_Records to use_:
»»
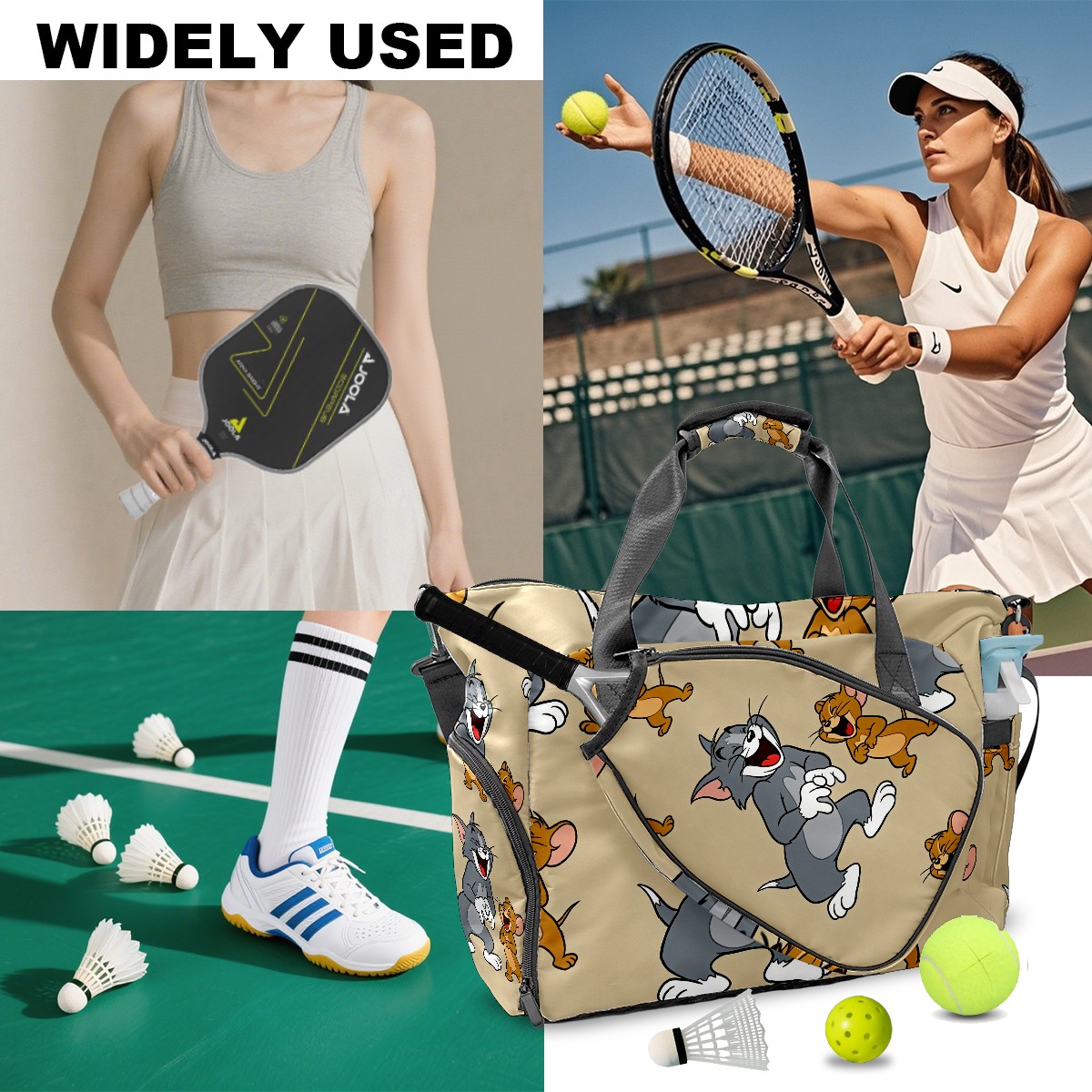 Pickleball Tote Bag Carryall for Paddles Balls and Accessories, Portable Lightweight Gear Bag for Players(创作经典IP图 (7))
««
»»
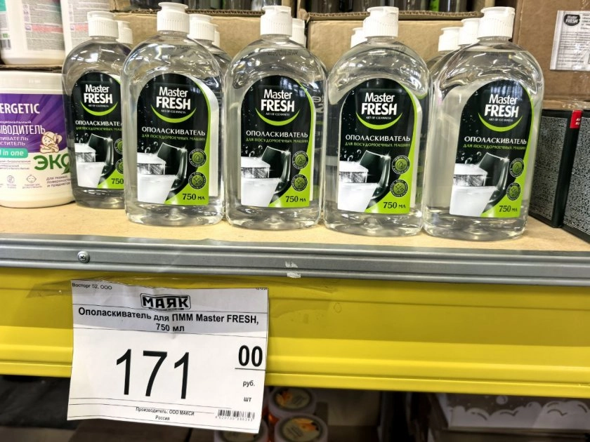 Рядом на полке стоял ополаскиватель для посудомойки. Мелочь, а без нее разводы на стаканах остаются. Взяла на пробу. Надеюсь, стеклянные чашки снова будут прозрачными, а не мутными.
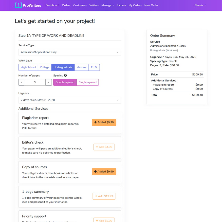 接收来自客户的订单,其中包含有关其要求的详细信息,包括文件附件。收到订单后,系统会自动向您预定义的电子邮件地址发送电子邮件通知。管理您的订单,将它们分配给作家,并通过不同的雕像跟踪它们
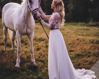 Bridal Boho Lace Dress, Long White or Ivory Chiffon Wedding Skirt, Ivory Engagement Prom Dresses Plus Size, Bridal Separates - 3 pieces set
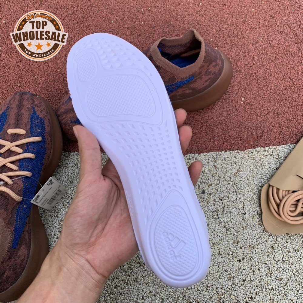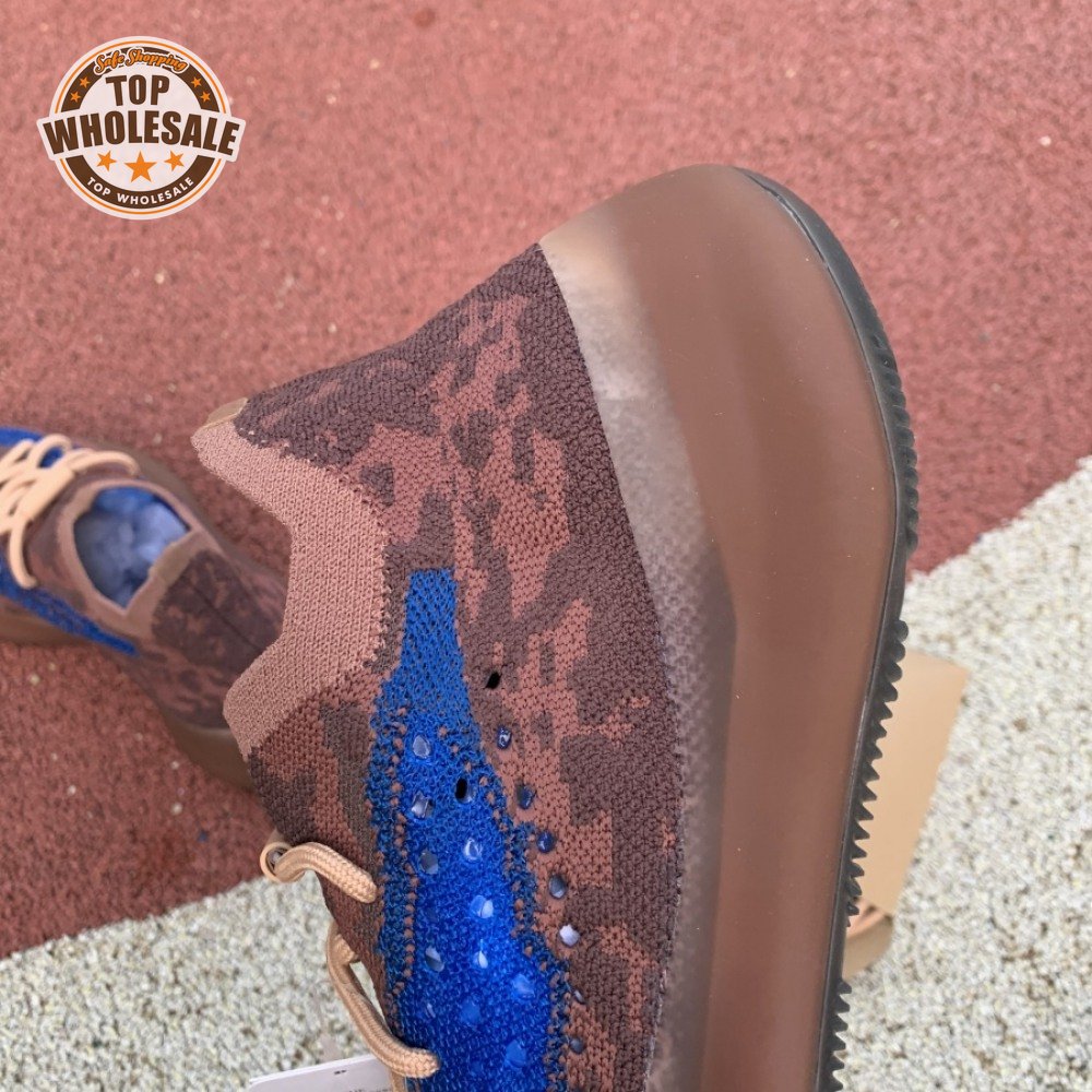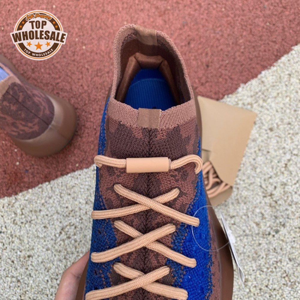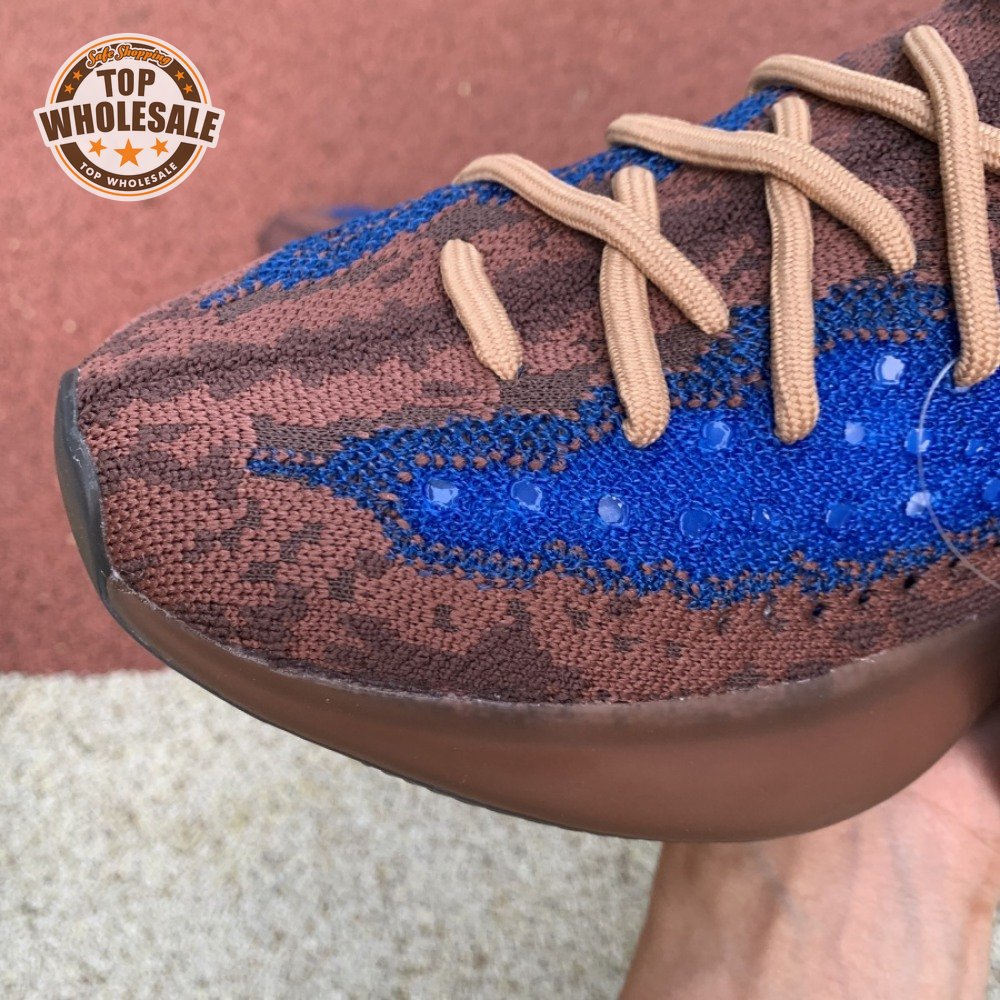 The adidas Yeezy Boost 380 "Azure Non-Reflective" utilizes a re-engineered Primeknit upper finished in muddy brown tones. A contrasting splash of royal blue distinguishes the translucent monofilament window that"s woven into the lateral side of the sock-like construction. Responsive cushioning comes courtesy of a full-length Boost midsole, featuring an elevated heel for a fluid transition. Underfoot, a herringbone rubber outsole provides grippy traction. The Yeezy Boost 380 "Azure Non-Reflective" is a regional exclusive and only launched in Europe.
««
_The problem_:
Starting at the line containing "接收来自客户的订单,其中包含" and stopping at the line containing "Bridal Boho Lace", output every line above exactly, both ends included, with pictures omitted.

_Response to the exercise_:
 接收来自客户的订单,其中包含有关其要求的详细信息,包括文件附件。收到订单后,系统会自动向您预定义的电子邮件地址发送电子邮件通知。管理您的订单,将它们分配给作家,并通过不同的雕像跟踪它们
 Bridal Boho Lace Dress, Long White or Ivory Chiffon Wedding Skirt, Ivory Engagement Prom Dresses Plus Size, Bridal Separates - 3 pieces set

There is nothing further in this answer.